CM
Configuration Management
2
3.4.2
Establish and enforce security configuration settings for information technology products employed in organizational systems.
Security-related configuration settings should be customized and included as part of an organization’s baseline configurations for all information systems. These configuration settings should satisfy the organization’s security requirements and changes or deviations to the security settings should be documented. Organizations should document the Securityrelated configuration settings and apply them to all systems once tested and approved. The configuration settings should reflect the most restrictive settings that are appropriate for the system. This ensures that information security is an integral part of an organization’s configuration management process. Example You are in charge of establishing baseline configurations for your organization’s systems. As part of this, you document the most restrictive settings that still allow the system to function as required and apply this configuration to all applicable systems. This secure configuration, also known as a system lockdown, blocks unapproved applications from running on the system. The lockdown configuration aligns with your organization’s security requirements.

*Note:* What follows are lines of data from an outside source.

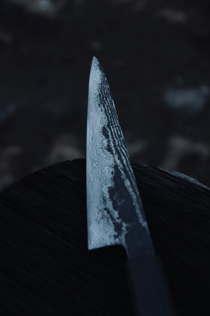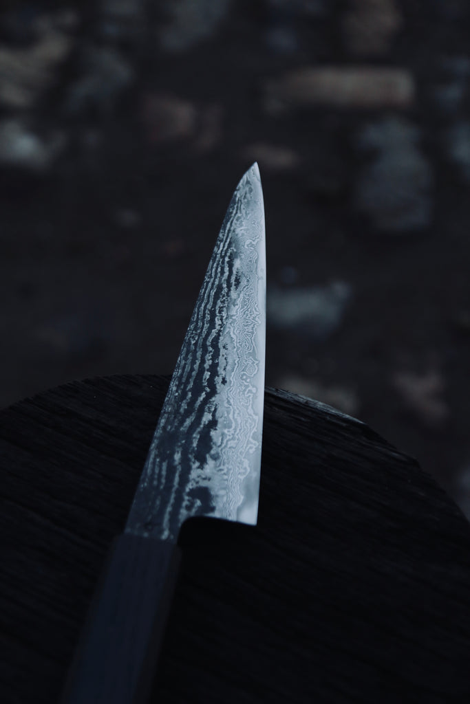 Ko-Gyuto 175x43mm, San-maï hand forged from 26C3 high carbon steel core and pattern welded steel cladding (15n20 with EN40J) in Sheffield.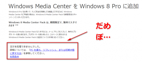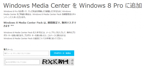 Windows 8 ではDVD再生用のコーデックが省略されたため、Windows Media PlayerでDVDの再生ができません(ASCII)。しかし、本日2013/1/31日まで期間限定無料で入手できる「Windows 8 Media Center Pack」をインストールすればコーデックが追加され再生できるようになるみたいです。早速メールアドレスを入力して申し込んでみました。
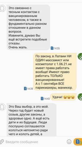 Массажист Ина, проживающая в Риге, рассказала историю, которая произошла с ней в июне с одной так и не состоявшейся клиенткой. От специалиста отказались ввиду идейных соображений - массажист был вакцинирован, это клиентке не понравилось, пишет Ина на своей странице в Facebook.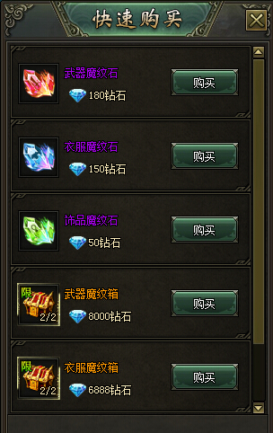 魔纹石获取途径:商城购买和参与荣耀训练场活动

Establish and enforce security configuration settings for information technology products employed in organizational systems.

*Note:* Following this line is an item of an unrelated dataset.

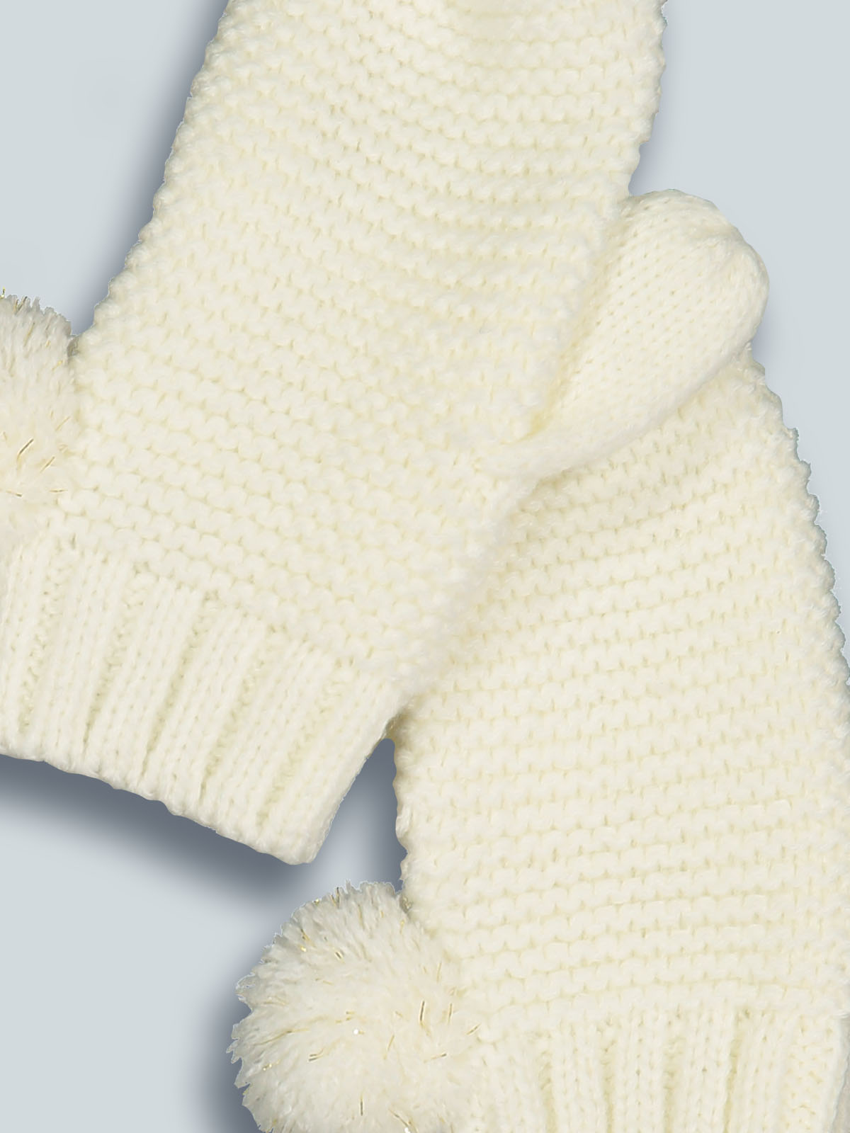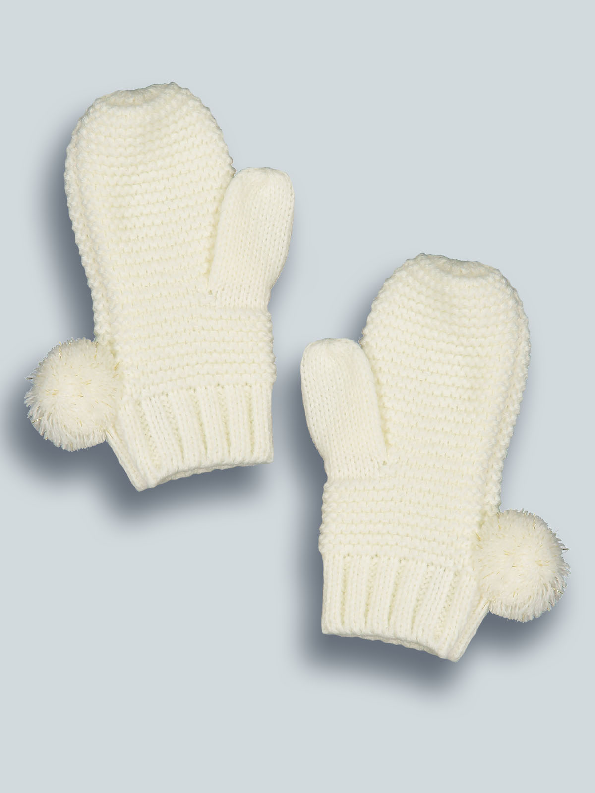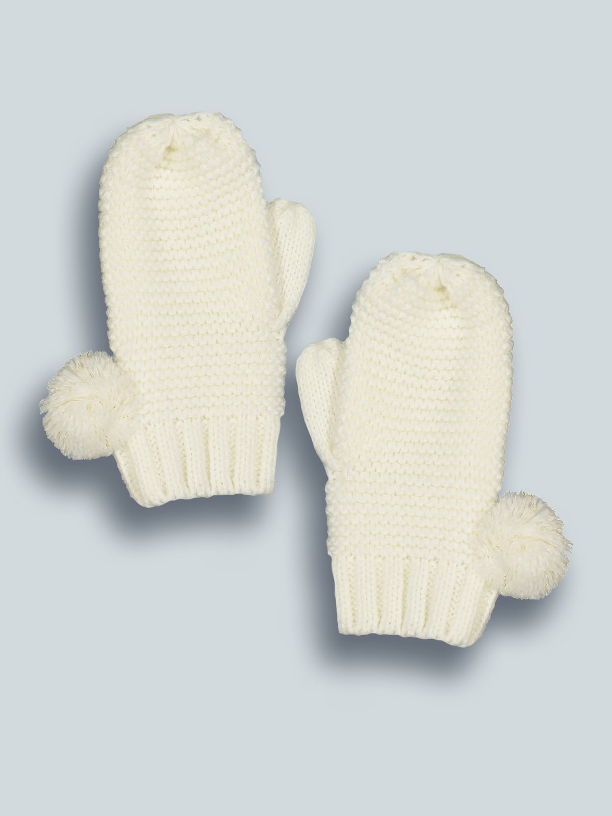 Moffole in maglia di morbido cotone con pompon. E’ perfettamente abbinabile alla sua cuffia e alla sua sciarpa, realizzati con lo stesso filato. Un capo immancabile nelle fredde giornate d’inverno.

Configuration settings are the set of parameters that can be changed in hardware, software, or firmware components of the system that affect the security posture or functionality of the system. Information technology products for which security-related configuration settings can be defined include mainframe computers, servers, workstations, input and output devices (e.g., scanners, copiers, and printers), network components (e.g., firewalls, routers, gateways, voice and data switches, wireless access points, network appliances, sensors), operating systems, middleware, and applications. Security parameters are those parameters impacting the security state of systems including the parameters required to satisfy other security requirements. Security parameters include: registry settings; account, file, directory permission settings; and settings for functions, ports, protocols, and remote connections. Organizations establish organization-wide configuration settings and subsequently derive specific configuration settings for systems. The established settings become part of the systems configuration baseline. Common secure configurations (also referred to as security configuration checklists, lockdown and hardening guides, security reference guides, security technical implementation guides) provide recognized, standardized, and established benchmarks that stipulate secure configuration settings for specific information technology platforms/products and instructions for configuring those system components to meet operational requirements. Common secure configurations can be developed by a variety of organizations including information technology product developers, manufacturers, vendors, consortia, academia, industry, federal agencies, and other organizations in the public and private sectors. [SP 800-70] and [SP 800-128] provide guidance on security configuration settings.
N/A
CIS Controls v7.1 1.4, 1.5, 2.1, 2.4, 5.1
NIST SP 800-53 Rev 4 CM-2, CM-6, CM-8, CM-8(1)
NIST SP 800-171 Rev 1 3.4.2
NIST CSF v1.1 ID.AM-1, ID.AM-2, PR.DS-3, PR.DS-7, PR.IP-1, DE.AE-1
CERT RMM v1.2 TM:SG2.SP2
UK NCSC Cyber Essentials
CM.2.064.[a] security configuration settings for information technology products employed in the system are established and included in the baseline configuration; and
CM.2.064.[b] security configuration settings for information technology products employed in the system are enforced.